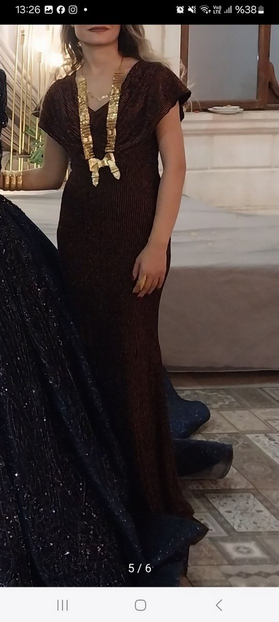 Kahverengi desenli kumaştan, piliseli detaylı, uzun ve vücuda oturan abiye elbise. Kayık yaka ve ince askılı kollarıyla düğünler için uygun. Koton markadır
****
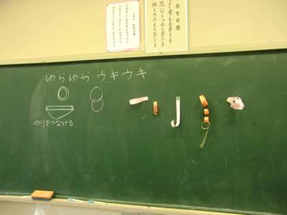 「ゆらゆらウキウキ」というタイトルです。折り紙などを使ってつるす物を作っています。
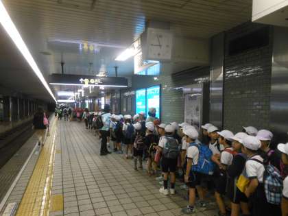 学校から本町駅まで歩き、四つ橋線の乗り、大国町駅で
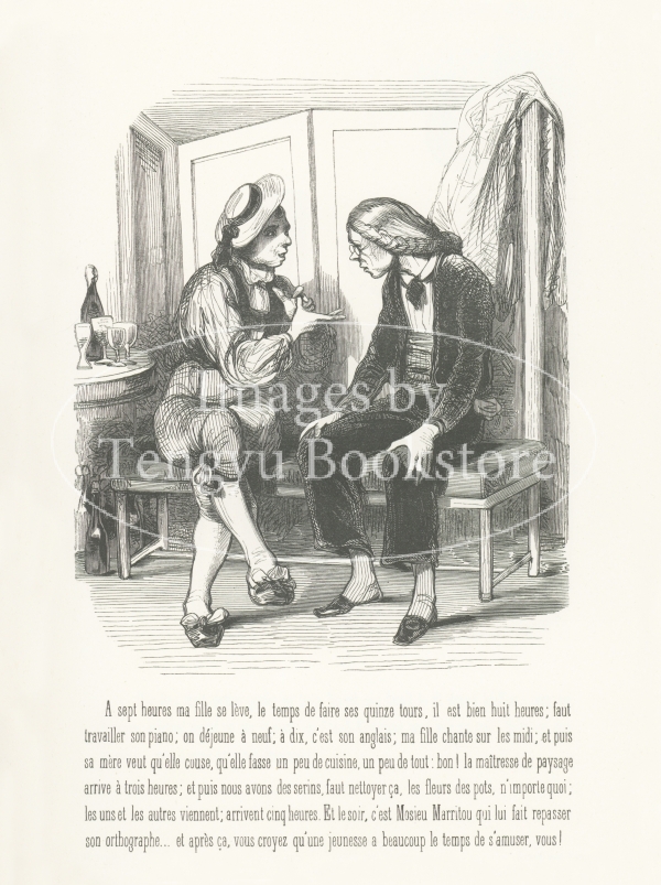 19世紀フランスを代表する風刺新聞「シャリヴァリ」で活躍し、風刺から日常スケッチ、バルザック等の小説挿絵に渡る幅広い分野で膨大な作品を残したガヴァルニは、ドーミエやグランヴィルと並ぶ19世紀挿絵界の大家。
****
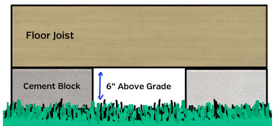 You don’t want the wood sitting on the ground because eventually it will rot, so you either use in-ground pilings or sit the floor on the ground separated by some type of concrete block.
****
TASK INSTRUCTIONS: Everything between and including the line above containing "学校から本町駅まで歩き、四つ橋線の乗り、大国町駅で" and the line containing "19世紀フランスを代表する風" should be reproduced exactly, with pictures excluded.

EXERCISE RESPONSE:
 学校から本町駅まで歩き、四つ橋線の乗り、大国町駅で
 19世紀フランスを代表する風刺新聞「シャリヴァリ」で活躍し、風刺から日常スケッチ、バルザック等の小説挿絵に渡る幅広い分野で膨大な作品を残したガヴァルニは、ドーミエやグランヴィルと並ぶ19世紀挿絵界の大家。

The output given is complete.